Directions for the data below: repeat exactly the lines from the one with "Big Viking Vegvisir" through the one with "Сверло ступенчатое ТУНДРА, HSS, TiN, шестигранный", both included, and omit all pictures.

*DATA SHOWN*
************

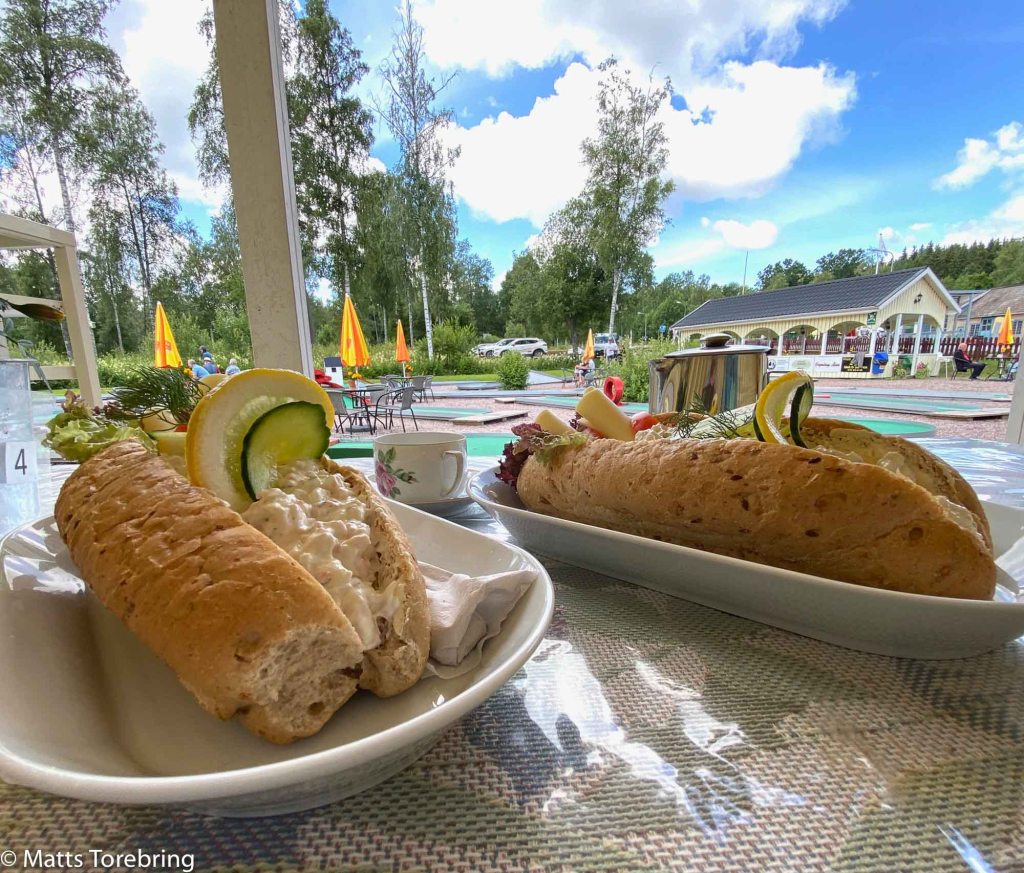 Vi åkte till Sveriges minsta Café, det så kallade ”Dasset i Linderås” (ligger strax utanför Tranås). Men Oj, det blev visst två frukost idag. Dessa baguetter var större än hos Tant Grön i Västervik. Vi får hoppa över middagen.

************

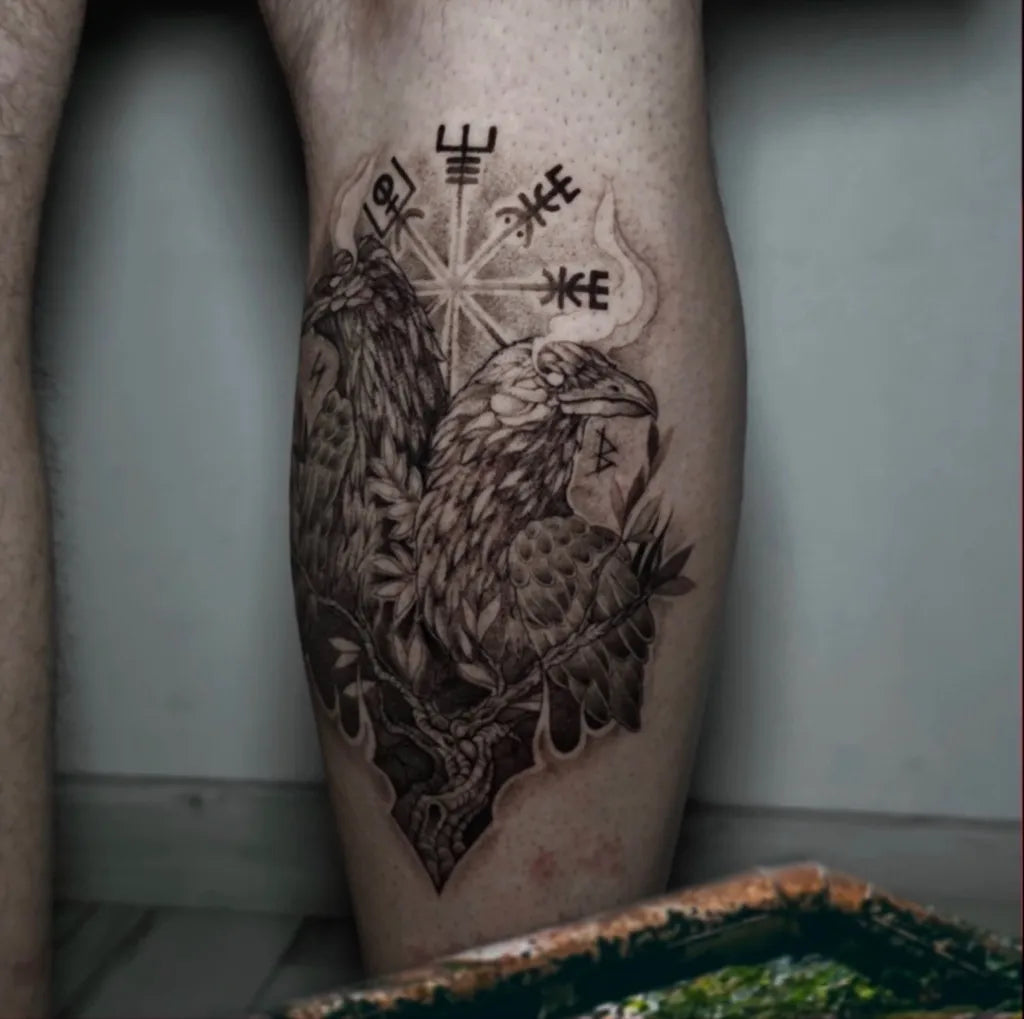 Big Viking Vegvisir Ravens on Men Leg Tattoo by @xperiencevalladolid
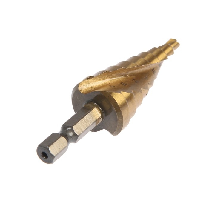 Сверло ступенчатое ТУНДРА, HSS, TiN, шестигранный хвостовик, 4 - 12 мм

************

*ANSWER FOR THE TASK*
 Big Viking Vegvisir Ravens on Men Leg Tattoo by @xperiencevalladolid
 Сверло ступенчатое ТУНДРА, HSS, TiN, шестигранный хвостовик, 4 - 12 мм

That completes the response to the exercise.